- Born: 1925 Louisiana, United States
- Died: 1997 (aged 71–72) United States
- Occupation: Business executive
- Known for: Former chairman and chief executive officer of Cigna

= Robert D. Kilpatrick =

American businessman (1925–1997)

Robert D. Kilpatrick (1925–1997) was an American insurance executive who served as the chairman and chief executive officer (CEO) of Cigna.

== Early life ==
Born in 1925 in Louisiana, Kilpatrick attended Ouachita Parish High School and was a multi-sport athlete. He served in the Navy during World War II and the Korean War, receiving the Silver Star and the Purple Heart.

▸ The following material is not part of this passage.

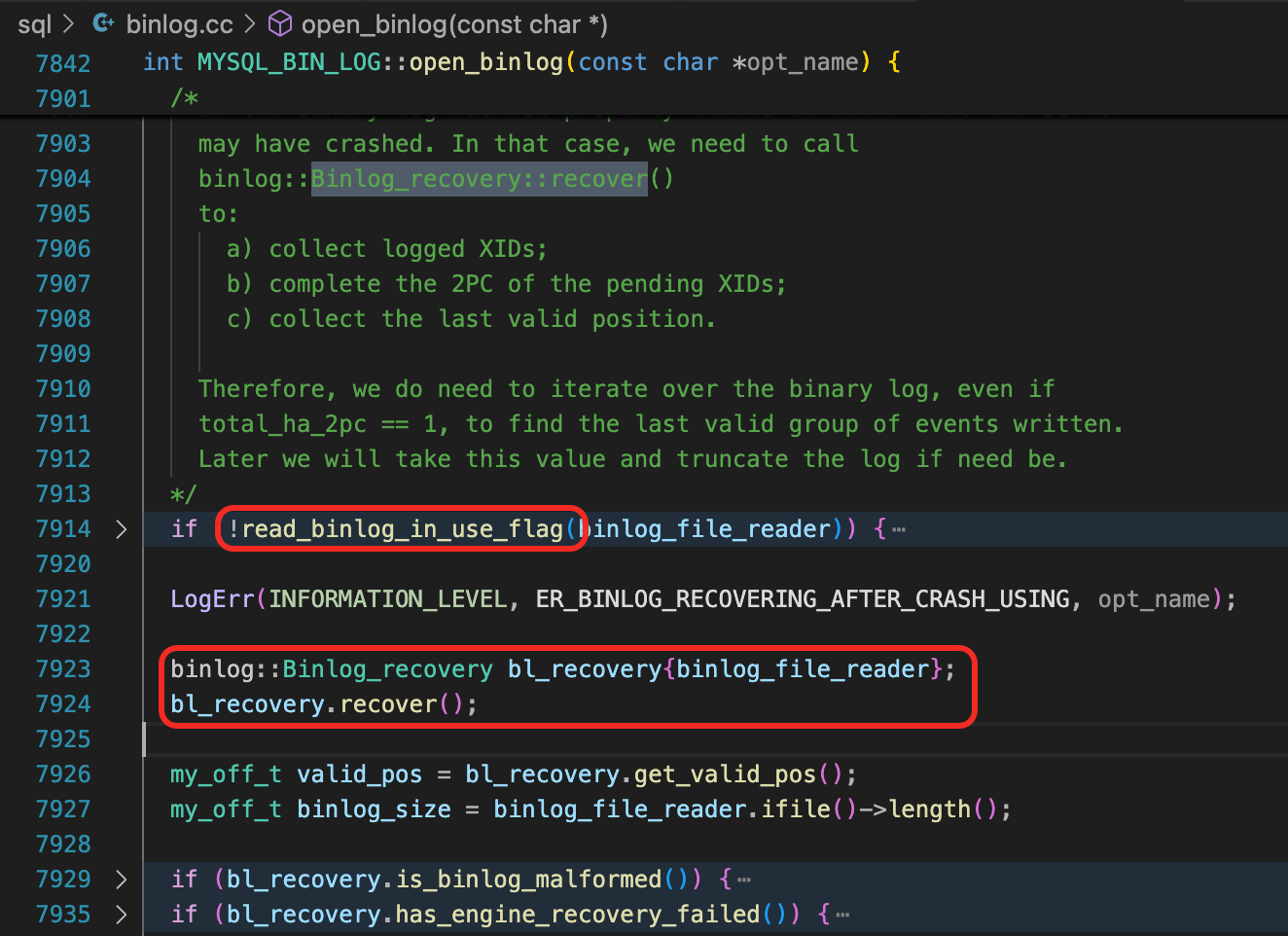 Binlog_recovery::recover在函数open_binlog中调用。open_binlog判断当前的Binlog是不是数据库崩溃时在使用的,这实际上是根据Binlog头部的FORMAT_DESCRIPTION_EVENT事件中,是否有LOG_EVENT_BINLOG_IN_USE_F标记来判断的。如果有这个标记,就执行Binlog_recovery::recover,读取Binlog中的所有XID,调用ha_recover处理Prepared状态的事务。

Kilpatrick rarely spoke about his war-time experiences and briefly considered careers in professional baseball and teaching before returning to military service during the Korean War.

== Career ==
After his military service, Kilpatrick joined Connecticut General Life Insurance Company in 1954 as an underwriting trainee. He was involved in the merger of Connecticut General and INA Corporation in 1982, which resulted in the formation of Cigna. The merger was intended to expand the company's property and casualty insurance division. During Kilpatrick's tenure, Cigna became a major insurance company in commercial property, casualty insurance, and the health maintenance organization sector.

== Death ==
Kilpatrick died in 1997 at the age of 72 from bone marrow cancer.